What are these ultraviolet rays applicable to disinfection?
These ultraviolet rays are of the same family as the rays creating our “Visible” light. This “family” is called that of electromagnetic radiations . These rays are classified according to their wavelength, the unit of measurement is the meter or one of its multiples including the nanometer (symbol: nm).
UVC ACTION
LightSources and LightTech Low Pressure Mercury Germicidal Lamps are designed to produce the highest amount of UVC radiation where 90% of the energy is produced at 254nm. This radiation is very close to the top of the germicidal efficiency curve of 265nm, the wavelength most lethal to microorganisms.
ENERGIE AND DOSES
UVC Energy
Each point of a lit UVC lamp emits radiation whose intensity is expressed in µw / cm² and which decreases as a function of the distance from the source. It will therefore be necessary to find the arrangement of the lamps so that the radiation on the element to be treated is optimized and as homogeneous as possible .
ERIES has responded to this need by developing software for calculating the necessary and sufficient UVC energy specifically adapted to each situation.
UVC ENERGY LEVEL NECESSARY FOR THE DESTRUCTION OF 99.9% OF DIFFERENT MICRO-ORGANISMS (mW / cm²)
Opacity
It is important to know that UVC does not pass through fluids and transparent materials like visible light does. When used for the treatment of liquids (and water in particular) calculations must always take into account the coefficient of transmissibility specific to each fluid. For example: “Crystal Vinegar”, totally transparent to visible light, is absolutely opaque to UVC.
UVC dose
For a given microorganism subjected to the action of UVC, the destruction effect depends on the intensity (I) of the radiation it receives and the exposure time (t).

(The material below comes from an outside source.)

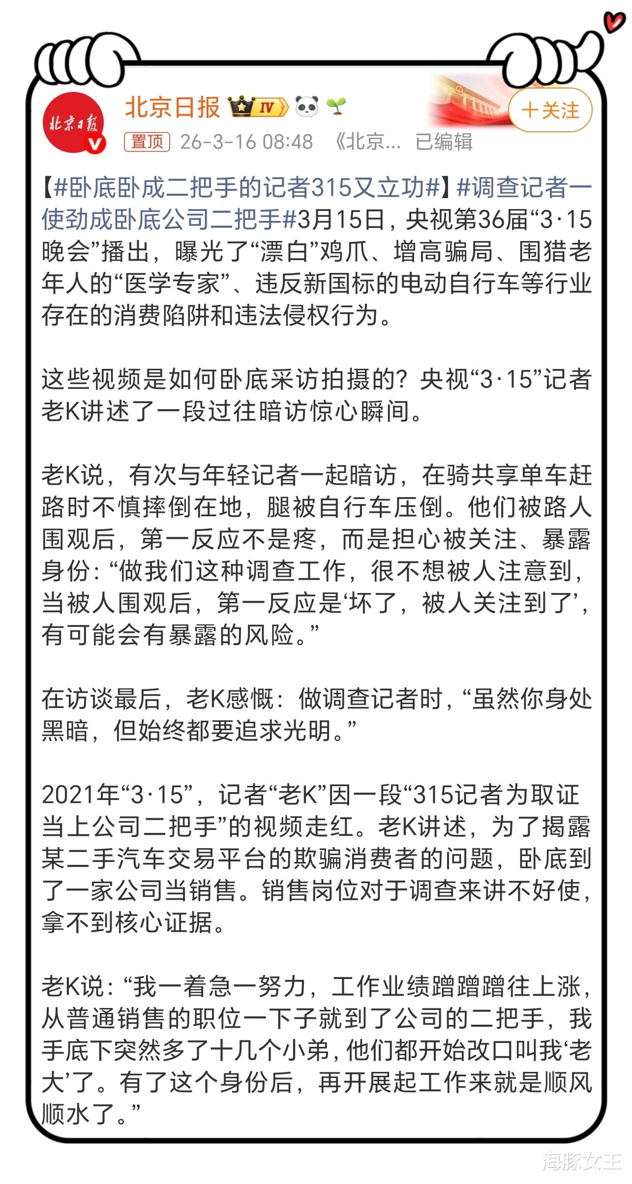 很多行业乱象都是卧底记者曝光,他们是新时代的孤勇者,向光而行敢于揭露行业黑暗,没有他们,我们就不会知道各大行业还有那么多黑幕!

DOSE = I (mW / cm²) xt (s) mJ / cm²
The intensity “I” is characterized by the power of the lamp and its distance from the surface to be treated. The time is linked to the rate of the process or to the flow rate of the fluid in the UVC generator.
The DOSE is a constant characteristic, corresponding to a typical microorganism and it corresponds to the UVC energy necessary for a decrease in its population by a factor of 10 (90%).
The concept of logarithmic reduction corresponds to the percentage of inactivation of the germs present.
- 90% decrease is equivalent to 1 Log
- 99% decrease is equivalent to 2 Log
- 99.9% decrease is equivalent to 3 Log
etc…
To go from 90% to 99% reduction, it will therefore be necessary to double the dose and triple it to arrive at 99.9% (for a specific type of germ).